Die Weltgemeinschaft hat ein gutes Gedächtnis: Sie weiß, was sie davon zu halten hat, wenn die US-Regierung angebliche Beweise vorlegt, mit der sie eine militärische Intervention gegen ein anderes Land rechtfertigen will. Der damalige Außenminister Colin Powell breitete 2003 vor den UN Bilder aus, die belegen sollten, dass Saddam Hussein Massenvernichtungswaffen besitzt. Eine Lüge, der kurz darauf die Invasion des Irak folgte.
Jetzt steht der Iran im Fadenkreuz der Falken im Pentagon und im Weißen Haus: Der Angriff auf zwei Öltanker und der Abschuss einer amerikanischen Drohne werden dem Regime zur Last gelegt. Der Iran weist jede Schuld von sich, und nicht zuletzt, weil der aktuelle US-Präsident schon mehrfach dreist öffentlich gelogen hat, ist man fast schon versucht, Teheran zu glauben.
Der angeblich vorbereitete Angriff auf iranische Einrichtungen und Trumps theatralische Twitter-Begründung des Abbruchs wirken wie der Teil eines Bluffs, der den Druck auf den Iran erhöhen soll. Ein US-Präsident, der wegen zu erwartender Todesopfer einen Militärschlag scheut? Obama wäre dafür gefeiert worden.

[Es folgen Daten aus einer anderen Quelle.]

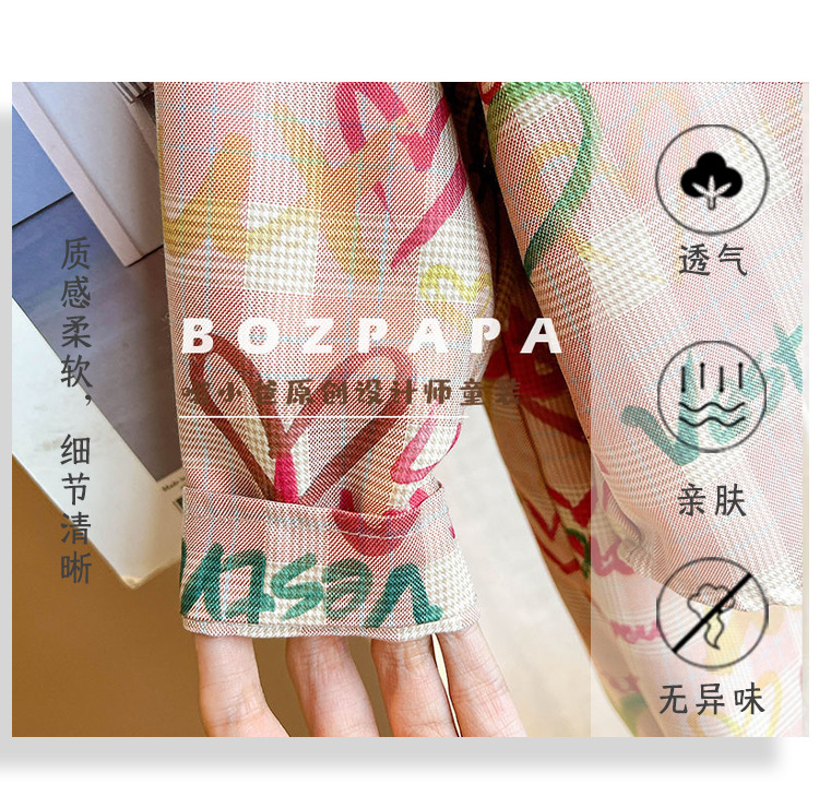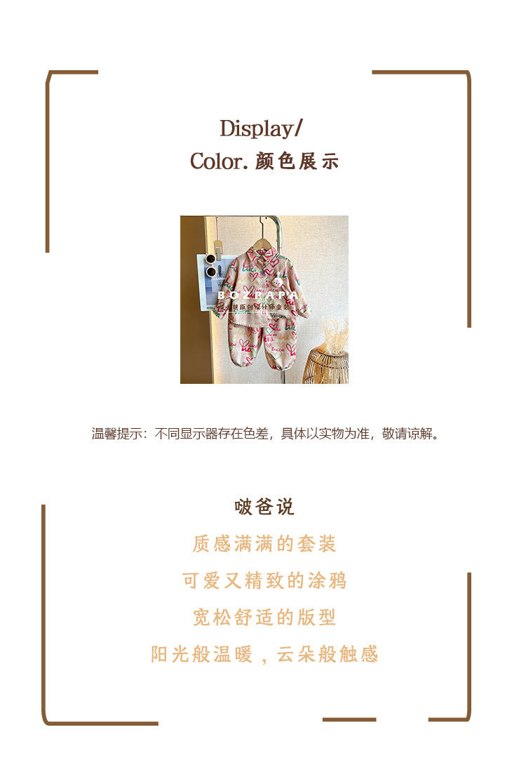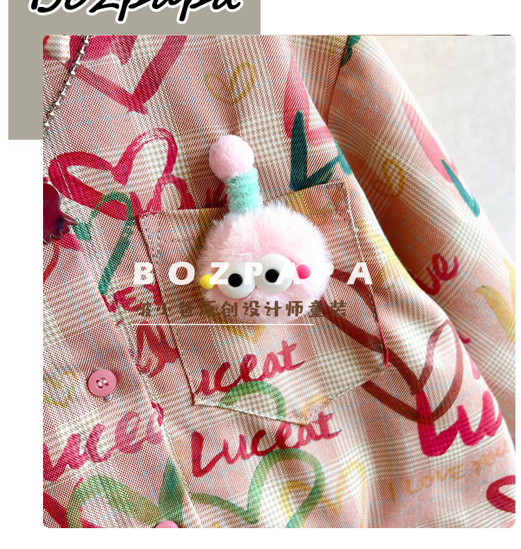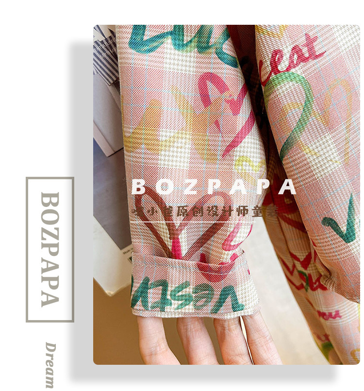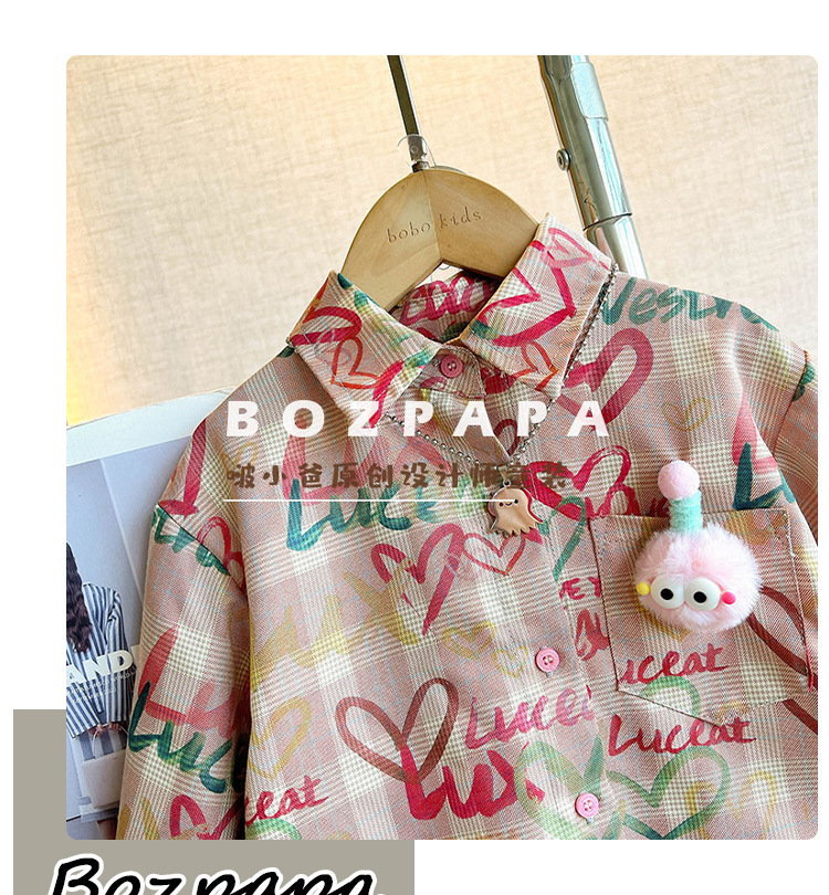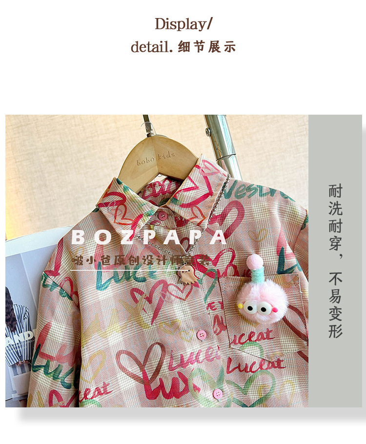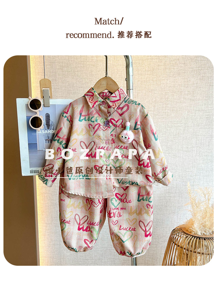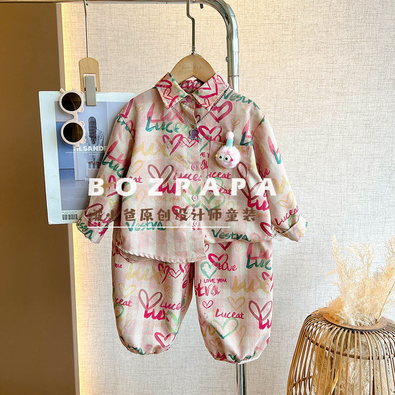 2025 봄과 가을 새로운 소년 격자 무늬 낙서 세트 어린이 아기 핑크 사랑 셔츠 캐주얼 세트스토어 가기

Der Zocker Trump jedoch kann jetzt gegenüber dem iranischen Präsidenten Hassan Ruhani und auch vor Nordkoreas Diktator Kim Jong Un nicht mehr den harten Cowboy mimen. Bislang war seine jähzornige Unberechenbarkeit sein bester Trumpf. Jetzt hat er ihn aus der Hand gegeben. Gut so.
Frank Stüdemann ist mit seinem Kommentar eine deutlich realistischere und differenziertere Beschreibung der Situation am Persischen Golf gelungen, als der Meinungsbeitrag „Trotz Trump: Deutschlands Partner heißt USA und nicht Iran“ (DnT, 15.06.2019).
Israel und Saudi Arabien fordern seit Jahren einen Militärschlag gegen den Iran, obwohl UN-Inspektoren noch vor wenigen Wochen Teheran bescheinigten, dass sich dieses exakt an den vereinbarten Atomdeal hält. Bis heute hat sich die EU nicht der von den USA verbreiteten Version von den Anschlägen auf die Öltanker angeschlossen. Trump schreckte nicht mal davor zurück die Demokratenführerin Nancy Pelosi in einem Fake-Video als betrunken darzustellen. Deshalb ist Vorsicht geboten!
Grundsätzlich stellt sich natürlich die Frage, ob Deutschlands Platz auch im Fall eines ungerechtfertigten, inszenierten Krieges an der Seite der USA ist? Neben einigen inhaltlichen Fehlern fühlte man sich beim o.g. Kommentar von Wolfgang Würth an die unseligsten Seiten des kalten Krieges erinnert. Eine schlichte schwarz-weiß-Sichtweise wird jedoch der komplizierten Situation im nahen Osten nicht gerecht. War es nicht die USA, die die Region mit dem Sturz des laizistischen Mossadegh (frei gewählter Präsident Persiens) und den beiden Irakkriegen destabilisierte? Hat nicht Trump den Westen gespalten? Welche gemeinsamen Werte sehen Europa und die USA mit Saudi Arabien, dem schlimmsten aller mittelalterlichen Regime, während der Iran dämonisiert wird? Der Westen hat Saudi Arabien hochgerüstet, obwohl es weltweit seit 40 Jahren den politischen, radikalen und fundamentalistischen Islam finanziell unterstützt. Saudi Arabien lässt nicht nur Homosexuelle hinrichten, sondern auch noch Journalisten, die darüber berichten. Sollte der Westen auf Iranisches Öl verzichten und notfalls höhere Benzinpreise in Kauf nehmen, um der Moral willen? Sollte die deutsche Wirtschaft nicht mehr in Länder exportieren, deren Menschenrechtslage nicht unseren Vorstellungen entsprechen? Man muss die Siuation im Iran nicht beschönigen, man sollte aber auch nicht mit zweierlei Maß messen. Die USA unter Trump fühlen sich nur ihren eigenen Interessen verpflichtet und führen einen Wirtschaftskrieg gegen Freund und Feind.
Die Situation lässt sich mit zwei Zitaten zusammenfassen: Zur deutschen Position: Erst kommt das Fressen, dann die Moral (Bertolt Brecht). Zur Rolle der USA gilt der Spruch des alten Reichskanzlers Otto von Bismarck aus dem 19. Jahrhundert: "Es wird nie so viel gelogen wie vor der Wahl, während des Krieges und nach der Jagd."